大阪桐蔭が履正社との接戦を3-2で制して優勝した。エース前田悠伍投手(2年)がセンバツ以来の復帰登板で2失点完投。打線は松尾汐恩捕手(3年)のソロなどで援護した。

公式戦27連勝で甲子園連覇へはずみをつけた。履正社は大阪桐蔭の快進撃阻止へ手応えもつかむ惜敗だった。

大阪桐蔭・前田が吠(ほ)えた。苦しんで27個目のアウトにたどり着いた。幼さの残る2年生エースの顔が最後にほころんだ。

センバツでは13回を投げて防御率0・00。完全無欠の投球で優勝を支えた。だが甲子園後、コンディション調整もあり実戦から離れた。「春の大会は投げたくて投げたくて。楽しみが多かったです」。登板は紅白戦のみで、復帰戦が決勝の履正社戦となった。

初回から球が上ずり、3回には左打者に3安打されて2点を先制された。

「久しぶりの実戦で冷静になれていなかった。履正社の打者は体が大きくなっていて、秋より威圧感があった。甘くなったら打たれると思った」。

珍しく単調になっていた。捕手松尾の助言でフォームのリズムを変えるなど修正した。

「(4回以降)少し冷静になれたので、成長というか勉強できた部分です」。

前田に全幅の信頼を置く西谷浩一監督(52)は、ある程度打たれると想定していた。「前田が打たれた中で、野手がどうするかも見たかった。打たれろと思っていました(笑い)。春はいろいろと試せる。やるべきことが見えました」。

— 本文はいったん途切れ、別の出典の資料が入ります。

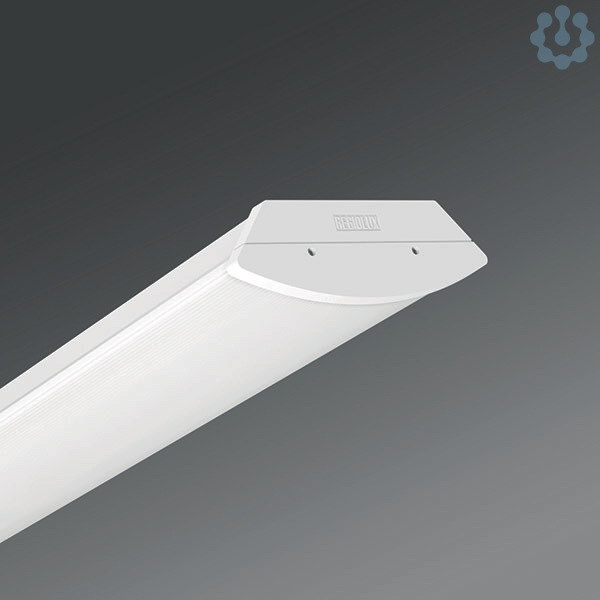 Leuchtenkörper Stahlblechprofil, trapezförmig gekantet, Stirnseiten weiß aus Polycarbonat, Leitungseinführungen Nähe Leuchtenmitte, Wannenbefestigung durch einrasten, Lichtverteilung direkt diffus mittels Wannenprofil aus Acrylglas in satine Optik, konvex mit innenliegenden Längsprismen, aufsteckbare weiße Stirnseiten aus Polycarbonat, UV-stabilisiert, Elektrischer Anschluss über 3-polige Anschlussklemme in Steckkontakt-Technik.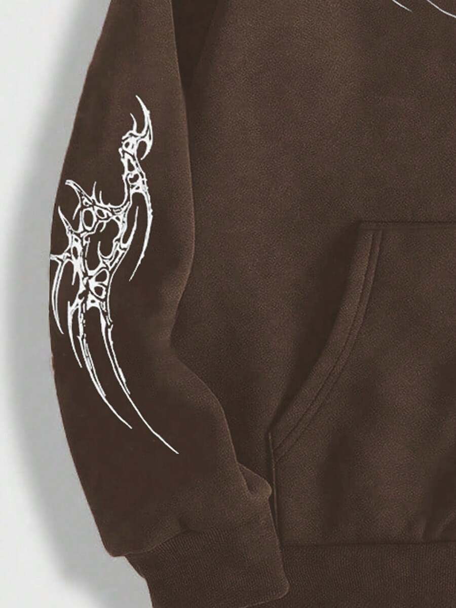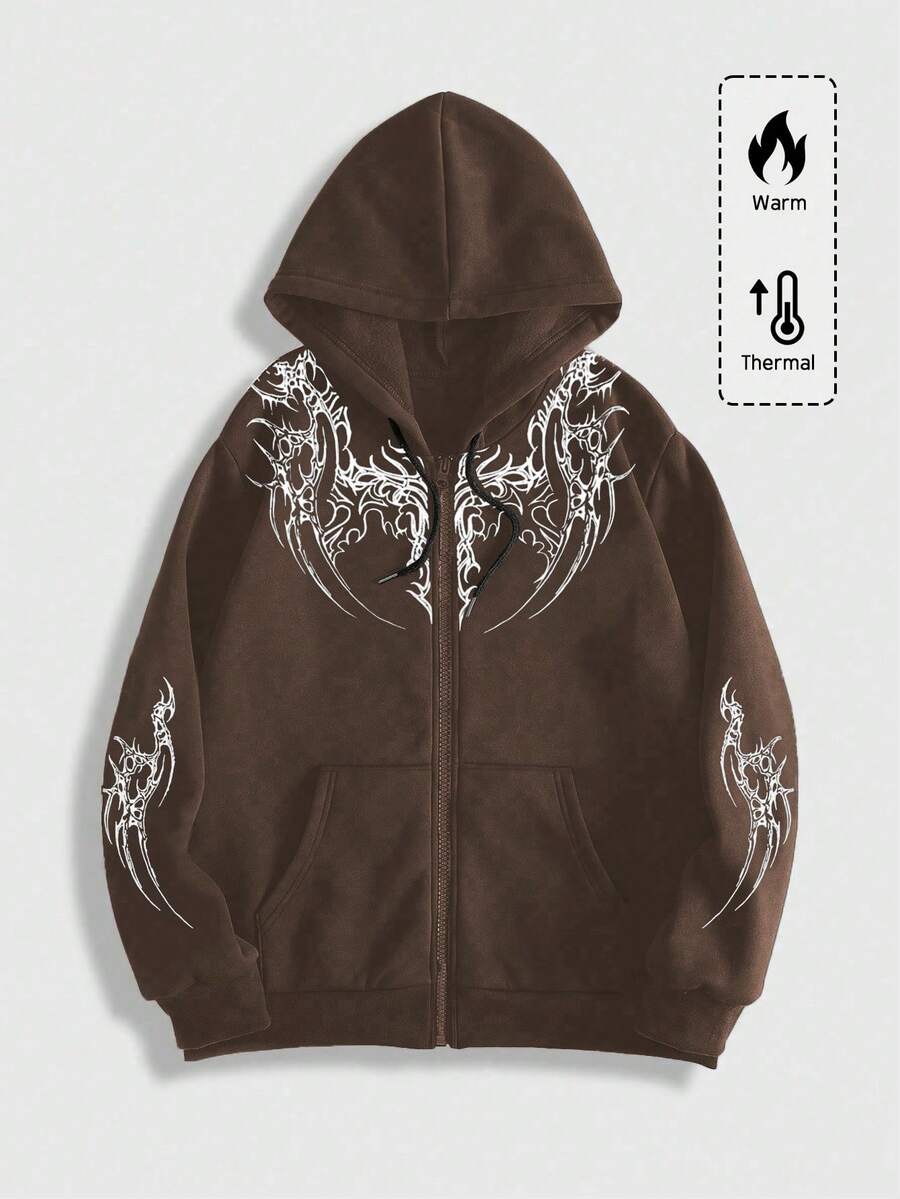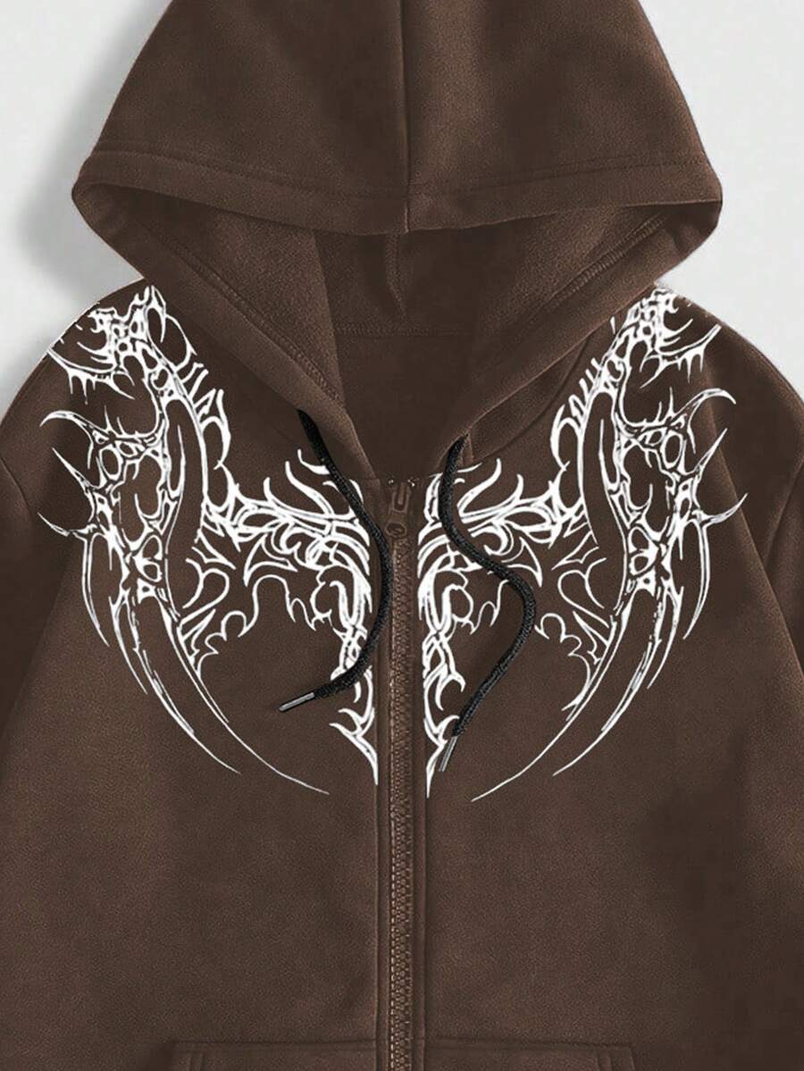 Goth Sudadera con capucha casual con diseño de bolsillo con cremallera y estampado gótico de manga larga para hombre, otoño/invierno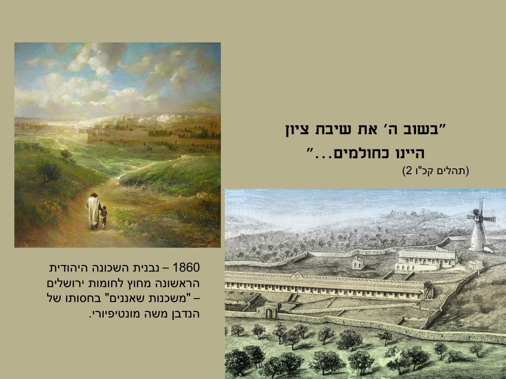 "בשוב ה' את שיבת ציון היינו כחולמים…" (תהלים קכ"ו 2) 1860 – נבנית השכונה היהודית הראשונה מחוץ לחומות ירושלים – "משכנות שאננים" בחסותו של הנדבן משה מונטיפיורי.

2点先制された直後に松尾汐恩捕手(3年)が左翼越えソロで劣勢の空気をすぐに一変させた。同点の8回は四球、犠打、安打、犠飛で決勝点をもぎ取った。粘り強さこそが真骨頂。松尾は「点を取られて逆にいい空気になった。こういう試合がうちの本来の試合」。強力なライバルとの接戦が、また王者を強くした。【柏原誠】

○…履正社は次の1点が取れなかった。3回、光弘帆高内野手(3年)の右翼線三塁打などで2点先制。好左腕の前田を攻め立てた。ただすぐに反撃を許し、流れを押し戻された。昨秋に続く惜敗。「打倒桐蔭」が合言葉だけに新任の多田晃監督(43)は「桐蔭さんはやっぱりいいチーム。野球が上手です。1点差だが、この1点が大きい。ここをどう詰めるか選手と話していきたい」と夏を見据えた。